Figure 3 shows the dynamical changes for c and s in a run in the case of b = 1.2. It also shows that the larger the threshold θth is, the smaller cooperative proportion c is, and the larger s is. In this figure, we notice the negative feedback mechanism in the network16. The value of c decreases before 100 steps, and then increases. At the beginning, the numbers of cooperators and defectors are equal. In this PD game, the agent will choose to defect to get more payoff. After 100 steps, the proportion of defectors is so much that they can no longer earn more. At this time, both the cooperators and the defectors get the same reward when they play the game with a defector (P = S = 0). However, the reward for mutual cooperation R = 1, so the fraction of cooperation will gradually increase, and finally stabilize.

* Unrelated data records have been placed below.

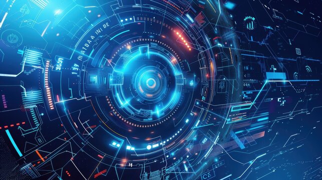 Futuristic digital interface with scanning scope and light trails
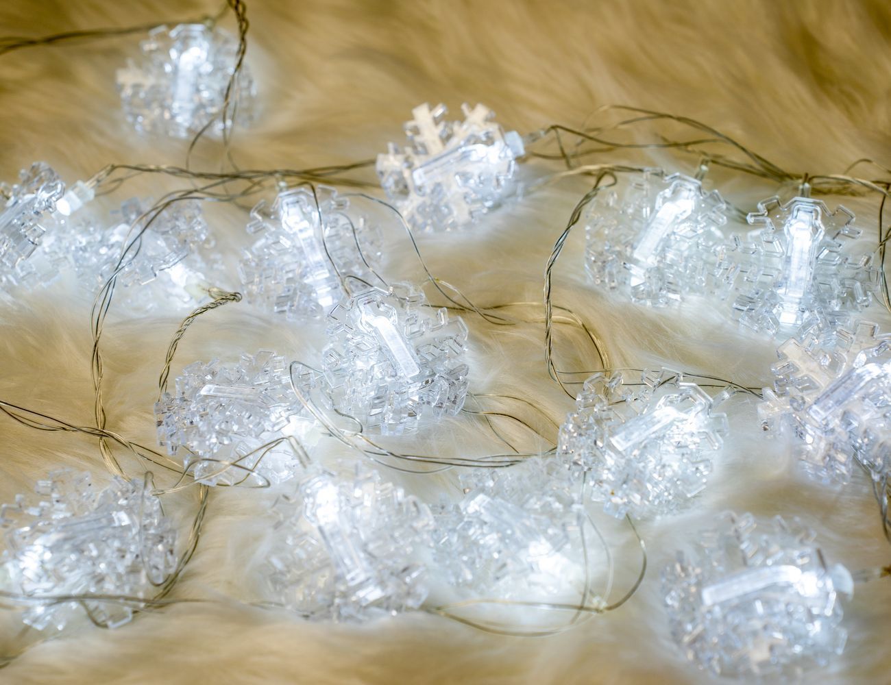 Количество ламп: 20 холодных белых ламп с фигурными насадками - снежинками.
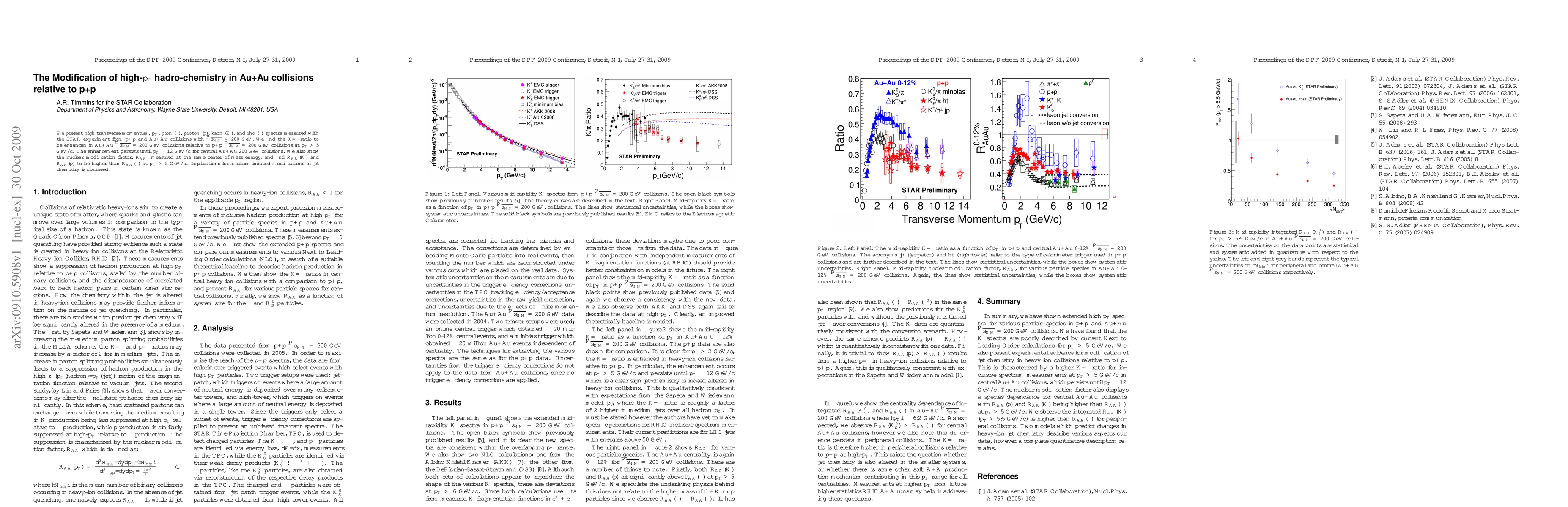 We present high transverse momentum, $p_{T}$, pion ($\pi$), proton ($p$), kaon ($K$), and rho ($\rho$) spectra measured with the STAR experiment from p+p and Au+Au collisions with \sNN{200}. We find the $K/\pi$ ratio to be enhanced in Au+Au \sNN{200} collisions relative to p+p \sNN{200} collisions at $p_{T} > 5$ GeV/c. The enhancement persists until $p_{T} \sim 12$ GeV/c for central Au+Au 200 GeV collisions. We also show the nuclear modification factor, $R_{AA}$, measured at the same center of mass energy, and find $R_{AA}(K)$ and $R_{AA}(p)$ to be higher than $R_{AA}(\pi)$ at $p_T > 5$ GeV/c. Implications for medium induced modifications of jet chemistry is discussed.

When θth is moderate, we also observe the phenomenon of the decrease after the increase of s in Figure 2. For the agents who consider the environment dangerous, their best choice is to cooperate, while the others choose to defect. Hence, the greater the threshold θth is, the more the proportion of cooperation c decreases at the beginning. When b = 1.2 and θth ≥ 0.71, all agents consider that the environment is safe. This is actually the traditional case, that is, the proportion of cooperation c will be at a low level in the final.

Figure 3
figure 3

The fraction of cooperation C (left) and the safe proportion s (right) dynamics in 60000 steps for threshold (b = 1.2).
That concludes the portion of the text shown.